Sad because I see five year old boats that are trashed all the time. My buddy has one that is 6-7 years old and has already had it's motor and upholstery replaced and still doesn't look as good as mine which is all original.


----------



## havasu (Apr 25, 2013)

garage storage makes all the difference.


----------



## Chris (Apr 29, 2013)

Update, burned about 50 gallons of fuel this weekend in the boat and she never skipped a beat, it was a great time cruising around lake mead with the family. 

View attachment IMG_20130427_153017.jpg


View attachment IMG_20130426_144022.jpg


View attachment IMG_20130426_121644.jpg


----------



## Chris (Apr 29, 2013)

And here is the Hoover dam from the top side and my captain for the weekend. 

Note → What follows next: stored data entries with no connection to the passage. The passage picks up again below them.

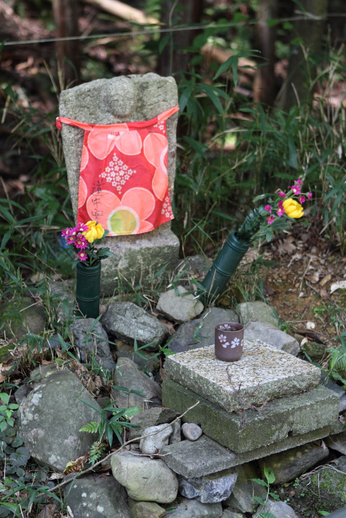 道中安全・花が添えてあります。石が積んであります。心に訴えるものがあります。
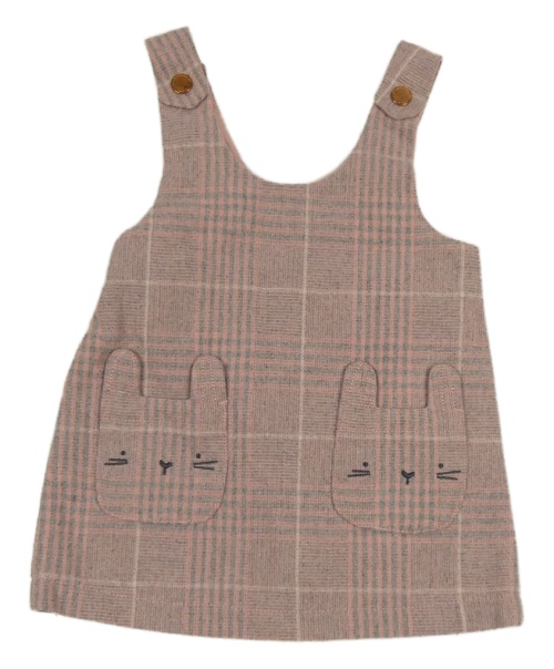 Šedo-světlerůžové kostkované vlněné šaty se zajíčky Next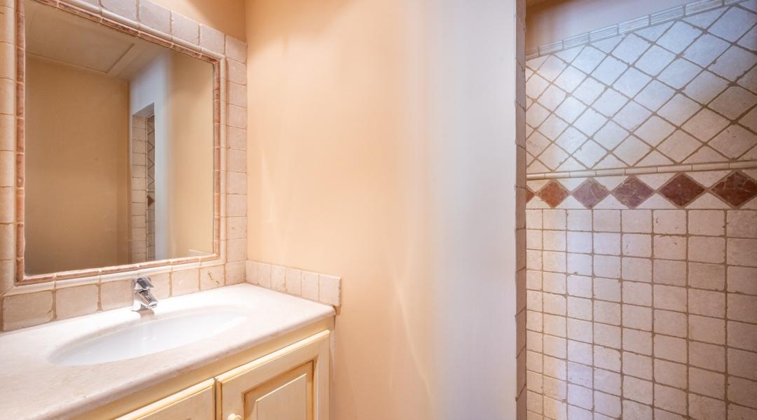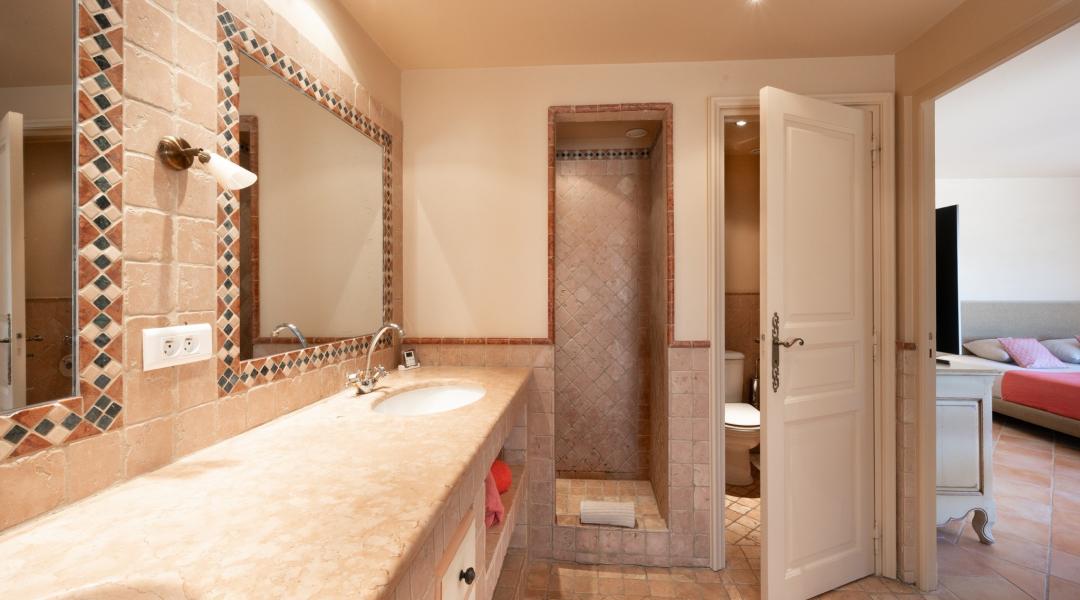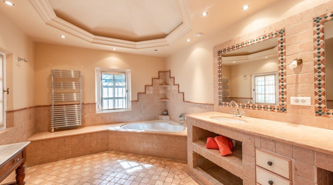Badkamer bij masterbedroom met douche, bad, dubbele wastafel en toilet 2 badkamers met douche en wastafel 1 badkamer met bad en dubbele wastafel2 aparte toiletten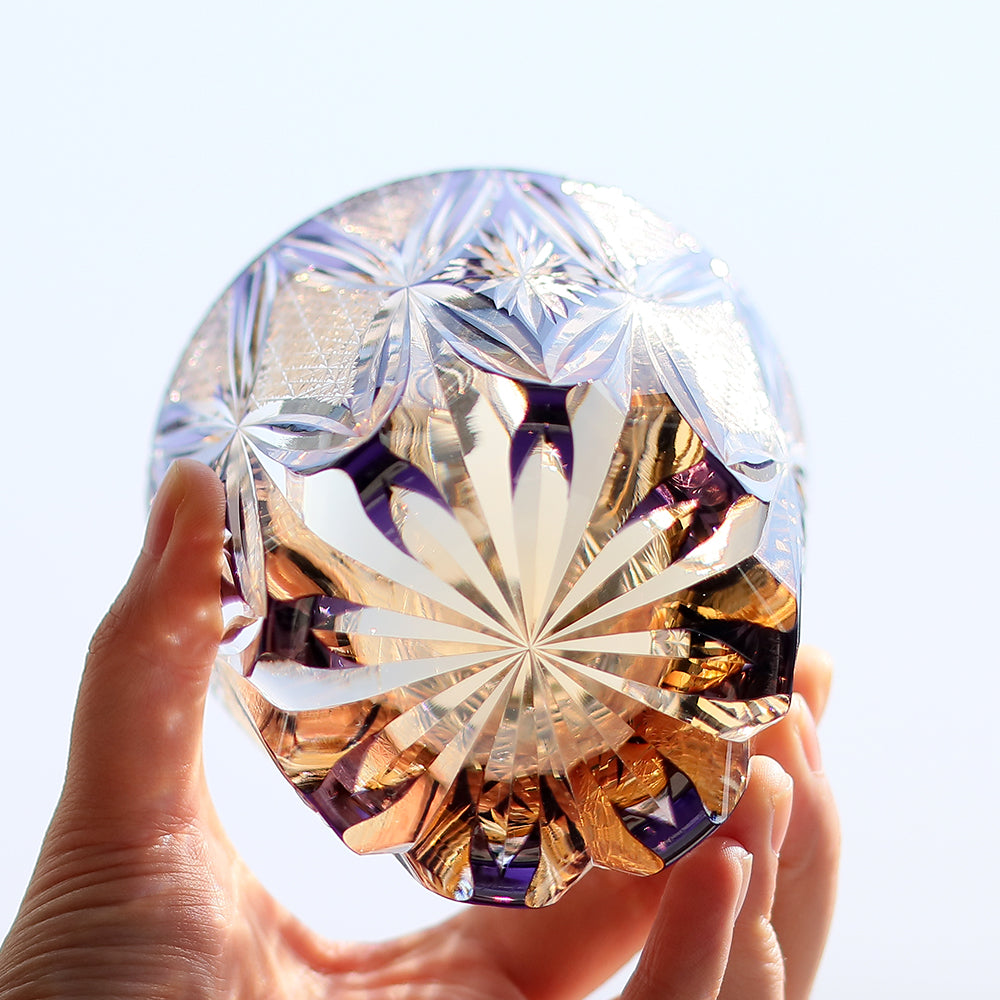JP-013 320ml Handcrafted Purple Edo Kiriko Whisky Glass Tumbler With Gift Box

View attachment IMG_20130426_134454.jpg


View attachment IMG_20130426_143827.jpg


----------



## oldognewtrick (Apr 29, 2013)

Dang Chris, she's a cuttie. Better keep a supply of ball bats around the house in a couple years.


----------



## Chris (Apr 29, 2013)

Why do you think I have been buying up every weapon I see.


----------



## oldognewtrick (Apr 30, 2013)

My son in law confided not to long ago that I scared the crap out of him the very first time he came over to pick our middle daughter up for a date and I was sitting at the kitchen table cleaning my hand guns. It wasn't intentional on my part...honest.


----------



## Chris (May 14, 2013)

Well boat ran great that whole weekend, couldn't be happier with it.


----------